I kept thinking OMG, people are spending $35 a day thinking that they are most wonderful dog parent in the world, when in reality they are paying to have their dogs tortured! 80% of those dogs would have done anything to spend the day snoozing in their own home!
Take from that what you will....


----------



## Dechi (Aug 22, 2015)

I agree with TP. Daycare isn't so great for dogs as it is a security blanket for the owners. Why not just let the dog stay home ?

On the other hand, it's funny (not really) because it reminds me of my own chronic illness. When I am overexhausting, the second day I will have post-exertional malaise. I don't think dogs get this illness, but it might be an indicator of physical and neurologic exhaustion.

If this dog has been showing these symptoms for a year, his autonomous nervous system is likely to be very fatigued and this might bring on some immunity problems. In other words, this dog is very stressed by this daycare and he needs a break from it ! Poor dog wants his own house and bed...


----------



## TrixieTreasure (May 24, 2015)

Dechi said:


> I agree with TP. Daycare isn't so great for dogs as it is a security blanket for the owners. Why not just let the dog stay home ?
> 
> On the other hand, it's funny (not really) because it reminds me of my own chronic illness. When I am overexhausting, the second day I will have post-exertional malaise. I don't think dogs get this illness, but it might be an indicator of physical and neurologic exhaustion.
> 
> If this dog has been showing these symptoms for a year, his autonomous nervous system is likely to be very fatigued and this might bring on some immunity problems. In other words, this dog is very stressed by this daycare and he needs a break from it ! Poor dog wants his own house and bed...


I totally agree with you Dechi! I always believe a pet is most comfortable in its own environment, than being in a kennel or daycare. When DH and I used to go on trips, we almost always took the dogs with us, but on those occasions when we didn't, we left the dogs home, and my parents would come in and take care of them. Or, a few times, our neighbors would do it. 

It's hard enough on pets when their owners are gone, but especially in this dog's case, I think even more so that this dog wants his own home, where he will feel the most secured.


----------



## oshagcj914 (Jun 12, 2016)

Some dogs love daycare and some don't...maybe this one doesn't, or maybe it is some thing physical. Hard to say. Has your friend ever tried just not taking the dog to daycare? Just leave the dog at home crated or in an ex pen, or loose if she's trustworthy? She's already paying for daycare, how about just paying a dog walker to come let her out during the day instead? Then she could see how the dog reacts to that and have a better idea of what the problem is.


----------



## Granberry (Nov 17, 2014)

Could it be your dog is just exhausted? My sister takes her dogs to doggie day care once a week now (used to be 4 days a week when they were young, then she slowly over 4 years lowered it to 1), and the day after, they are always just exhausted. This day care has a doggie cam where you can watch your dogs on the internet, and Titus sleeps the whole time he's there, and Piper just runs around nonstop playing and having the time of her life. Mind you her dogs are pretty big (a lab mixed with something black and a lab mixed with standard poodle), so they probably wouldn't be picked on. 

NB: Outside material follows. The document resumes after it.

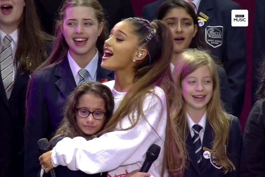 Ariana s-a alăturat trupei şi a cântat aumite versuri din melodie în timp ce Chris Martin i-a spus că este timpul ca oamenii din Manchester să „cânte pentru ea”. În timpul serii, Grande a cântat şi alături de trupa Black Eyed Peas melodia-hit ‘Where Is The Love?’, iar Miley Cyrus s-a alăturat pentru a interpreta o versiune a trupei Crowded House ‘Don’t Dream It’s Over’.

I remember that viral video where the guy put a GoPro camera on his dog and watched what the dog did while he, the owner, was at work. It was so sad! The dog just cried and waited until the battery ran dead! I have never used doggie day care, but I think for some dogs it is a good thing.


----------



## Tiny Poodles (Jun 20, 2013)

Granberry said:


> Could it be your dog is just exhausted? My sister takes her dogs to doggie day care once a week now (used to be 4 days a week when they were young, then she slowly over 4 years lowered it to 1), and the day after, they are always just exhausted. This day care has a doggie cam where you can watch your dogs on the internet, and Titus sleeps the whole time he's there, and Piper just runs around nonstop playing and having the time of her life. Mind you her dogs are pretty big (a lab mixed with something black and a lab mixed with standard poodle), so they probably wouldn't be picked on.
> 
> I remember that viral video where the guy put a GoPro camera on his dog and watched what the dog did while he, the owner, was at work. It was so sad! The dog just cried and waited until the battery ran dead! I have never used doggie day care, but I think for some dogs it is a good thing.



Good point, if I were to ever think of using a daycare, which I most likely wouldn't, I would only use one that had webcams set up so that I could see for myself precisely how my dog was experiencing it!


----------



## lily cd re (Jul 23, 2012)

Why is the dog going to day care if it has Ehrlichiosis? If it is acutely infected it should be receiving treatment under stress free conditions to try to get a good cure. If the dog is chronically infected and the day care is stressful then the best way to manage to dog's health also would be doing things that reduce stress. Day care doesn't sound like the way to do that for this dog.

The day cares for dogs around me that I have seen are the ones in the chain stores and I think they are just awful. None of the dogs ever seems to be having a good time. Either they have jammed themselves into a corner so that they can sleep without getting run over or they are running endlessly and aimlessly or they are acting like bullies. The people who watch over them are high school college aged kids who are busy on their cell phones. Javelin has actually had stress reactions to the energy coming through the glass from the day care dogs. I have used it as a training opportunity to teach him to ignore inappropriate energy from other dogs. I suppose there are good private dog day cares near me, but I think most dogs don't need day care for the companionship of a bunch of stressed out dogs. It is more likely that they need a chance to go potty. Or maybe the owners just need to feel like they are doing something nice for a dog that they don't really have enough time to pay decent attention to (sorry for sounding so cranky, it is really hot and humid here and I hate it).


----------



## JD808 (May 23, 2016)

Oh my, what awesome responses! Thank you guys so much, I knew I was right to look here!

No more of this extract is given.